New Big Data Tools for Single-Cell Omics

Recent progress in developing high-throughput single-cell methods allows researchers to study cell types and states of a tremendous number of cells. Further advances and focused international initiatives, such as the Human Cell Atlas, will likely allow the number of cells that can be analyzed to grow even further, to hundreds of millions of cells and beyond. Deriving biological insights from such massive datasets requires new tools for big data visualization and exploration. In particular, understanding the molecular programs that guide differentiation during development is a major challenge.
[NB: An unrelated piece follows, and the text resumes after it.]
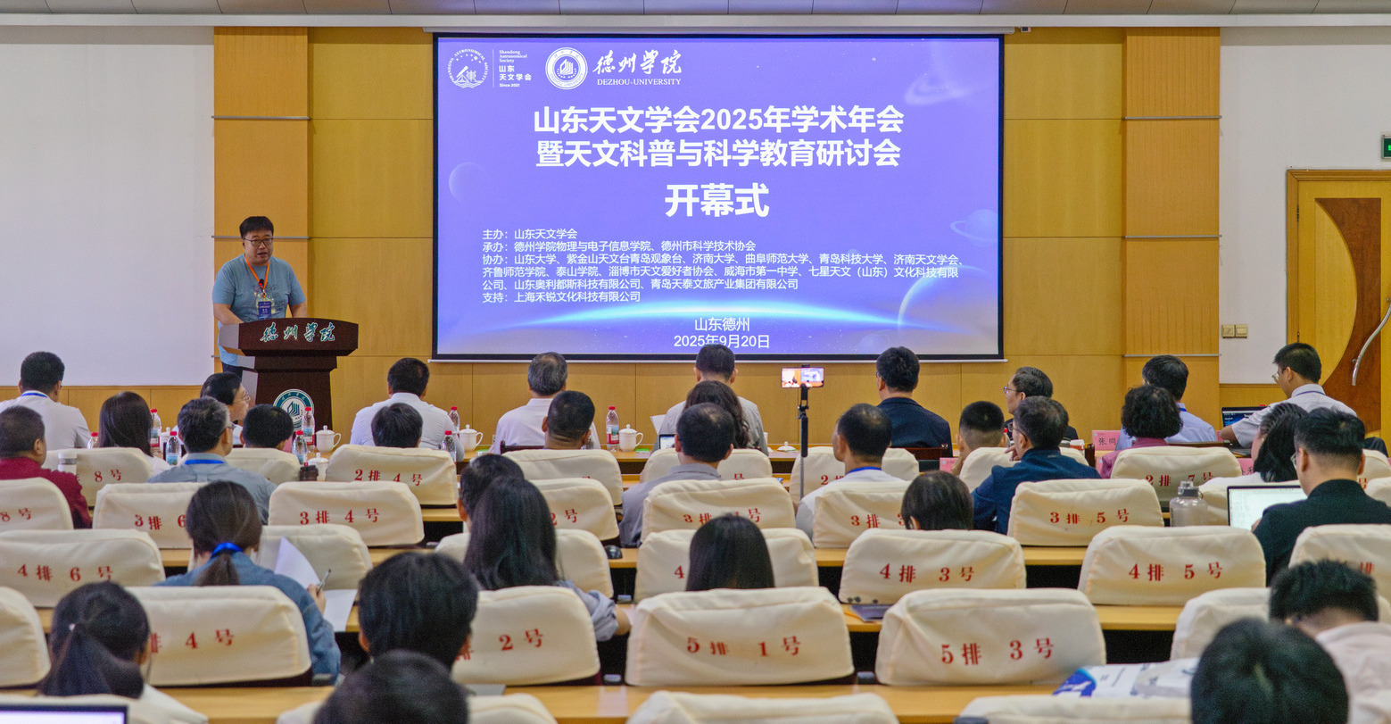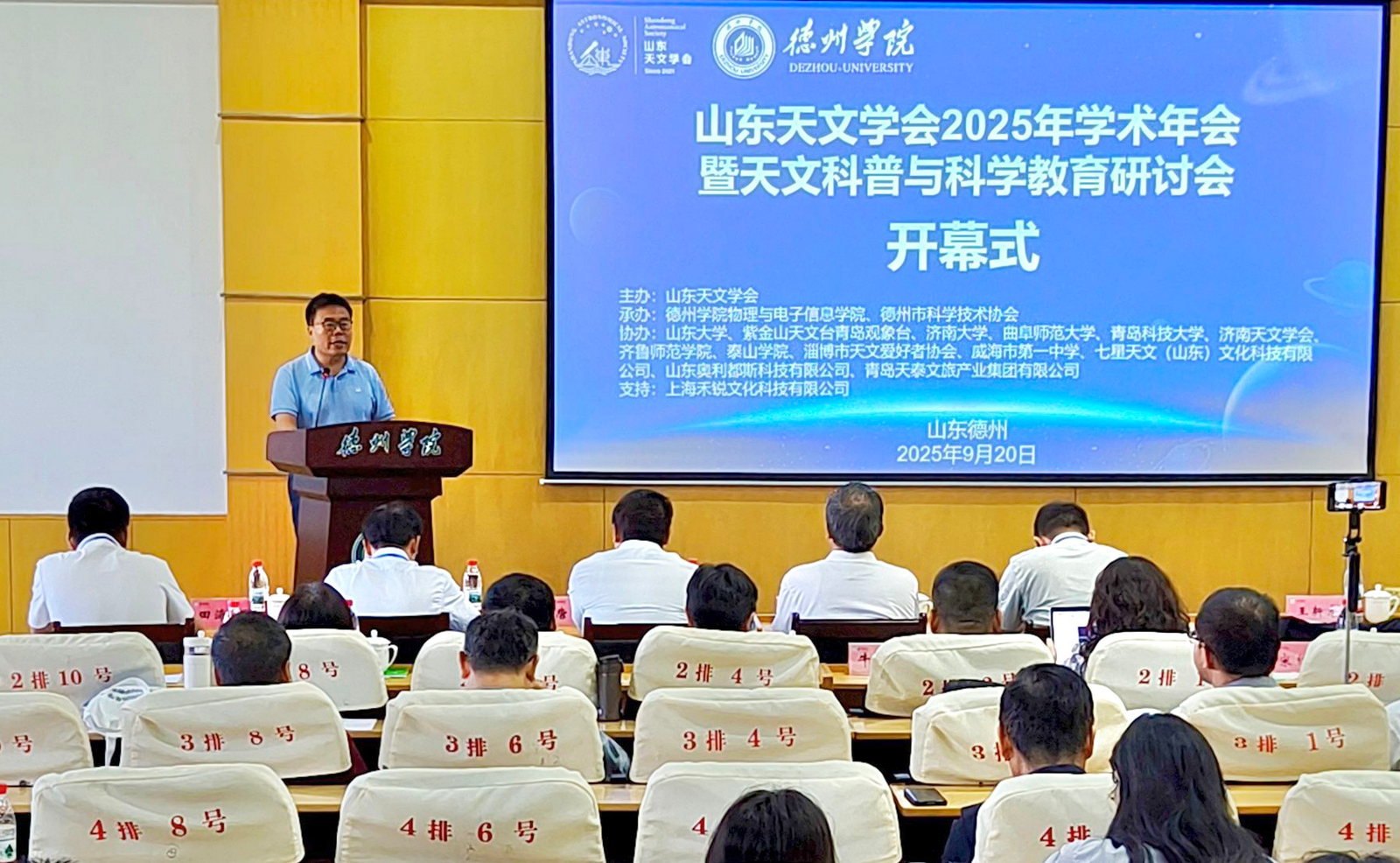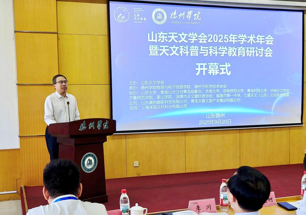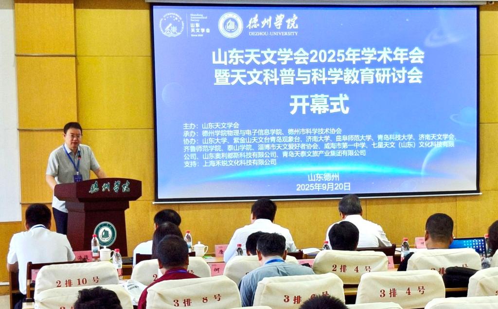 9月20日至21日,由山东天文学会主办,Beat365唯一官方网站物理与电子信息学院、德州市科学技术协会承办的“山东天文学会2025年学术年会暨天文科普与科学教育研讨会”在Beat365唯一官方网站召开。山东大学空间科学与技术学院院长、山东天文学会理事长陈耀,Beat365唯一官方网站党委委员、副校长刘印房,德州市科学技术协会主席王新志出席大会并致辞。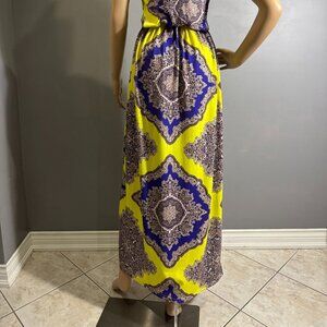 boohoo Baroque Maxi Dress 💛 yellow & royal blue racerback summer dress

I will describe two projects that tackle different challenges within single-cell data analysis: Waddington-OT and scSVA. My colleagues and I applied Waddington-OT to reconstruct the landscape of mouse embryonic fibroblasts (MEFs) reprogrammed to induced pluripotent stem cells (iPSCs) from 315,000 single-cell RNA-Seq profiles. The analysis predicts transcription factors and paracrine signals that affect cell fates, and experiments validate that the transcription factor Obox6 and the cytokine GDF9 enhance reprogramming efficiency. scSVA (single-cell Scalable Visualization and Analytics) relies on advances from diverse data-heavy areas, especially astronomy, to scale up most of its capabilities to a billion cells with real time interactivity. To reduce memory usage, scSVA supports efficient retrieval of cell features from massive expression matrices stored on a disk. To facilitate reproducible research, scSVA supports interactive analytics in the cloud with containerized tools. Thus, scSVA should enable users to interact with large datasets and complex analytics to yield novel insights and discoveries.